I'm pretty sure that the pipeline secret police Harper created are still in business, that incestuous merger of private pipeline security and intelligence operatives and their federal collaborators in the RCMP and CSIS. Pierre Trudeau fought to protect the privacy of Canadians. Justin continues Harper's work to eliminate those protections.
The assisted dying law, remember that? The Supreme Court of Canada, relying on the Charter of Rights and Freedoms, was crystal clear in the Carter
case. It was a per curiam
decision, all nine judges speaking with one voice. And what did Justin do when it came time to embody that clear decision in legislation? He placed his government above the law. He put his government at odds with, outside the law. He decided that the rule of law only applies when he chooses to follow it.
Yes, we live in a post-national Canada. That much was made clear when Morneau announced that young Canadians should accept a future of "job churn" and life in the precariat. Why? Because that's the price inevitably demanded of neoliberalist globalization. Any doubt about that was put to rest when the governor of the Bank of Canada said that the old jobs, the good jobs that built our once robust and broadbased middle class, are gone for good. Poloz said that Canada's future was in the services sector competing with poverty wage India for outsourced IT work or filling vacancies as chambermaids, restaurant servers and tour guides for the tourism industry.
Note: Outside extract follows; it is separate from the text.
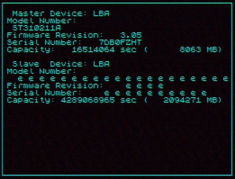 На "мусор", который показан в параметрах slave-устройства, можете не обращать внимание, это у меня такой винчестер, который "мусорит" на шину при обращении к slave-устройству. Нас же интересует параметр "LBA" для Master Device. Если там стоит "CHS", то такой винчестер не годится для работы (ему место скорее в музее или в коллекции хлама, нам он не нужен).

That isn't accidental. It's not inadvertent. It's the direct and perfectly foreseeable result of globalization that underlies Trudeau's post-national Canada.
I don't know if Justin has taken a good, hard look at the world around him, the world to which he wants to shackle Canada in his post-national nightmare. It's a world in social, political, economic and environmental turmoil and upheaval. Liberal democracy, in nations once beguiled into swallowing the same elixir that has taken hold in Justin, is in retreat.
Dark nationalism (as opposed to the positive, progressive nationalism we knew under our great prime ministers of the past), is taking hold from America to Europe to the Middle East and into Asia Pacific. One response to this is the wave of rearmament spreading through the Middle East and Asia.
Meanwhile dark winter heatwaves underway in the Arctic reveal that we may have crossed or on the verge of crossing no fewer than 19 climate tipping points that, collectively, may launch the world into unstoppable, runaway global warming.
Military commanders from around the world including groups within the United States itself are frantically warning of imminent climate crises that dramatically raise the risks of uncontainable warfare.
Even though we're having a hell of a time in the Arctic, Canada is one of just a handful of countries, all of them northern, that are uniquely advantaged to sustain what is coming. Yet Justin is oblivious to that and, instead, wants to bind us ever tighter to the world of turmoil and conflict.
That Justin Trudeau has shown his hand so blatantly, so quickly is remarkable. That too is a warning. Those who ignore it may come to regret it and sooner than they imagine.
Justin has no vision. Those who embrace globalisation and the post-national state eschew vision. Like cattle swept away by a raging river, they just have to go with the flow.
Many of us smugly dismissed Harper as an aberration. We were wrong.